REVIEW: Maggie’s Plan [2016]

Score: 5/10 | ★ ★


Rating: R | Runtime: 98 minutes | Release Date: May 20th, 2016 (USA)
Studio: Sony Pictures Classics
Director(s): Rebecca Miller
Writer(s): Rebecca Miller / Karen Rinaldi (story)

“‘Like’ is a language condom. Trust me.”

The character of John (Ethan Hawke) within Rebecca Miller‘s Maggie’s Plan is writing his first fiction novel not-so-loosely based upon his life—a loveless marriage with a bigger narcissist (Julianne Moore‘s Georgette) than he that’s up-ended by a hopeful affair with a control freak (Greta Gerwig‘s titular Maggie) just narcissistic enough to allow him to fully embrace his ego. This novel starts out promising. It’s stripped down, funny, and possesses a surrealist bent that tickles Maggie into falling in love. But after three years it’s still not finished. The story bloats out of control, the metaphor becomes too broad, and the plot has nowhere to go but cliché. Georgette tells John he needs to rewrite it with honesty and I wonder if the film deserved the same advice.

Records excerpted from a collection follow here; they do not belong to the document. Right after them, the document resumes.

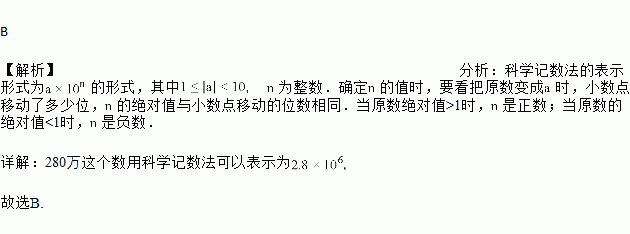 2018年,我国将加大精准扶贫力度,今年再减少农村贫困人口1000万以上,完成异地扶贫搬迁280万人.其中数据280万用科学计数法表示为( )
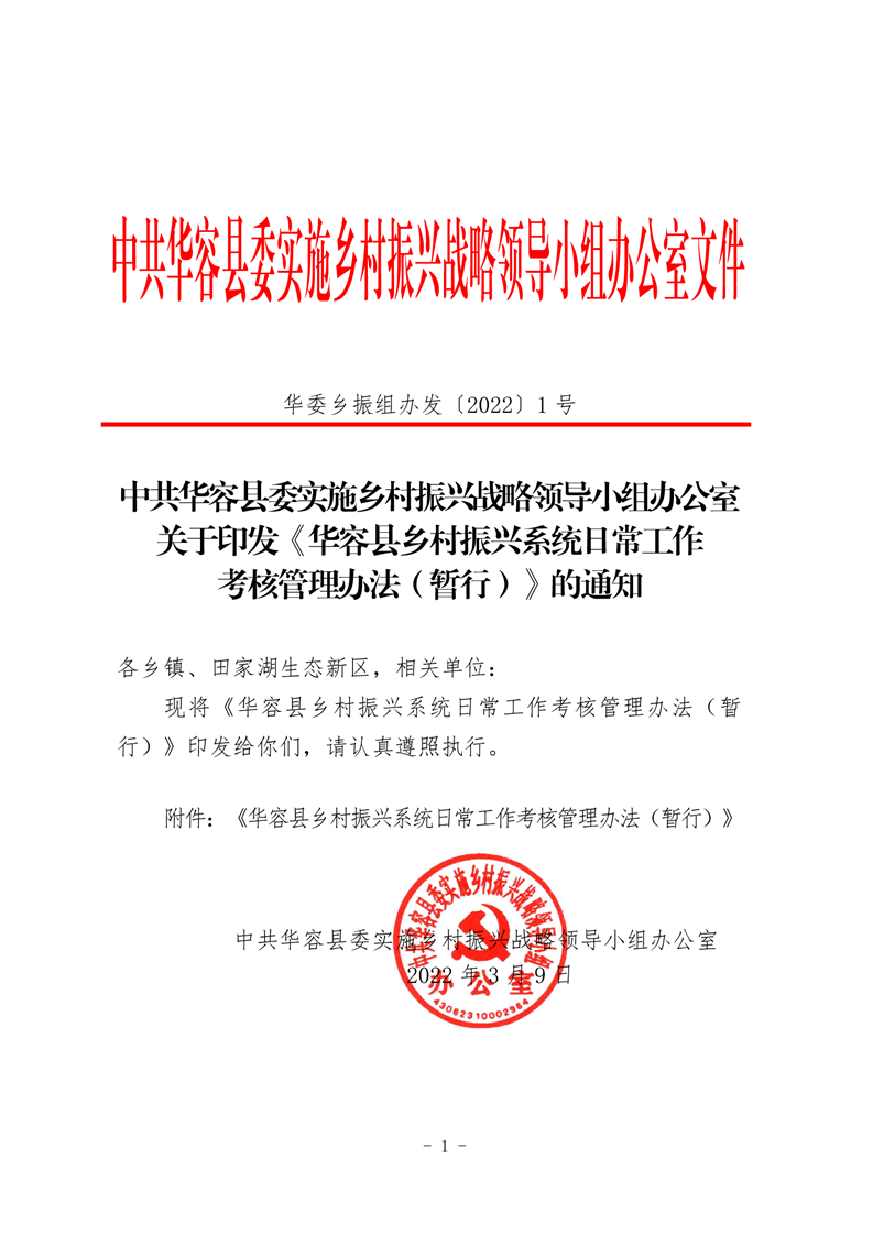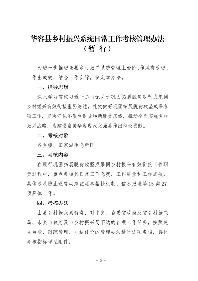 华容县乡村振兴系统日常工作考核管理办法(暂行)的通知
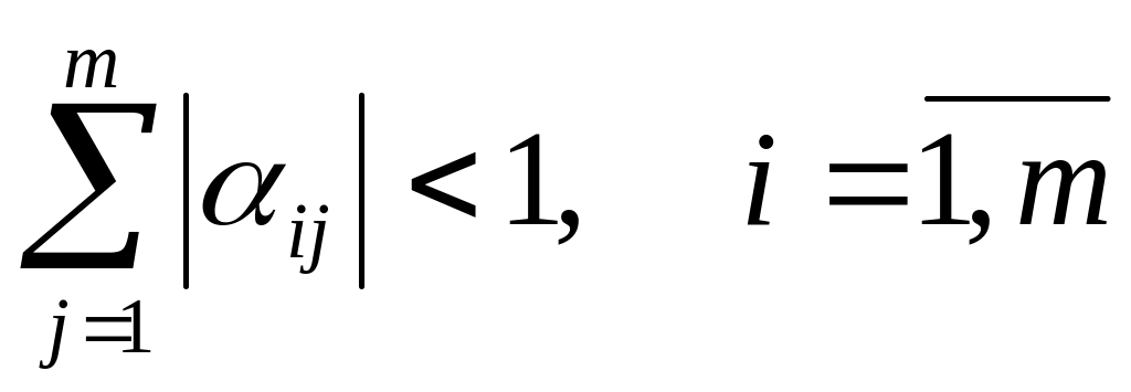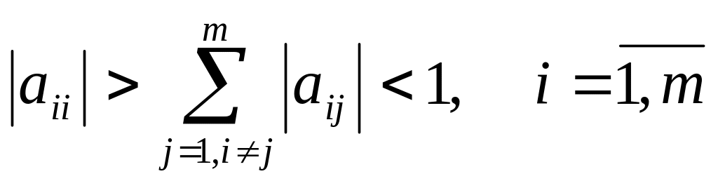 Твердження: Ітераційний метод буде збіжний, якщо матриці системи (1) всі діагональні елементи будуть більші за суму модулів усіх інших елементів відповідного рядка.

It’s extensively self-reflexive, but not in an endearing way. The “plan” of the title hinges on Maggie discovering that she’s falling out of love for John. She broke his marriage up—well, he did that all himself—and now it seems to have been for naught. Why not try to get him back together with his ex-wife Georgette? They obviously still love each other so maybe their reuniting as a family could be Maggie’s gift of apology. There’s not much more to the film than this and the trailer pretty much spells it out in a minute and a half as opposed to the 98-minute runtime. I’m not saying there isn’t more nuance with the introduction of a ticking biological clock, but that’s merely just color.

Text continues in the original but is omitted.